YOUR INSTRUCTIONS: Return the lines of the listing below exactly as they appear, beginning at the one with "4. Loosen the" and stopping after the one with "İndirmeyi tamamladıktan sonra, farklı"; do not include pictures.

RECORDS SHOWN:
====

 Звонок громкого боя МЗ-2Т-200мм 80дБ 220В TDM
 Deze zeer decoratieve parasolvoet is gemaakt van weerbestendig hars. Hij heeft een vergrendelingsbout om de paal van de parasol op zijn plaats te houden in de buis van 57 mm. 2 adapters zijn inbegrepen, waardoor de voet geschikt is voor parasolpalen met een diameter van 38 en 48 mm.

====

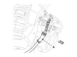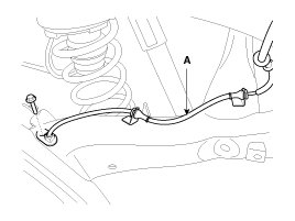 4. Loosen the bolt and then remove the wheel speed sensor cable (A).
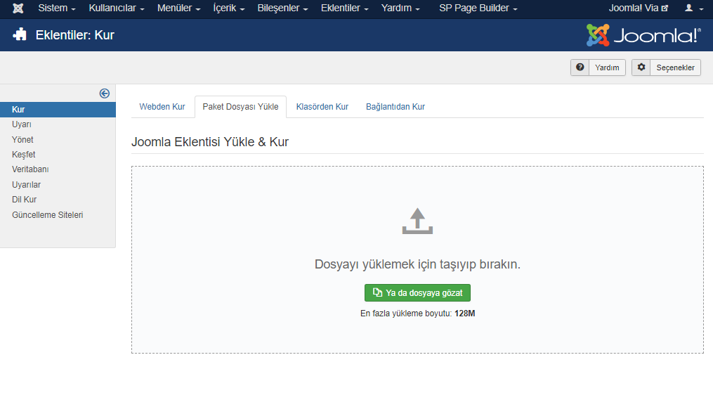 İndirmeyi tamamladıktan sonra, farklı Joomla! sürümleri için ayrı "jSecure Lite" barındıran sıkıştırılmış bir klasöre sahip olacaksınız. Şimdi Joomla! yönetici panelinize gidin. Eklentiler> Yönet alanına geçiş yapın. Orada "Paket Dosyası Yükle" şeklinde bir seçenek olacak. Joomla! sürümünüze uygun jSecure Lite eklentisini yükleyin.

====

TASK ANSWER:
 4. Loosen the bolt and then remove the wheel speed sensor cable (A).
 İndirmeyi tamamladıktan sonra, farklı Joomla! sürümleri için ayrı "jSecure Lite" barındıran sıkıştırılmış bir klasöre sahip olacaksınız. Şimdi Joomla! yönetici panelinize gidin. Eklentiler> Yönet alanına geçiş yapın. Orada "Paket Dosyası Yükle" şeklinde bir seçenek olacak. Joomla! sürümünüze uygun jSecure Lite eklentisini yükleyin.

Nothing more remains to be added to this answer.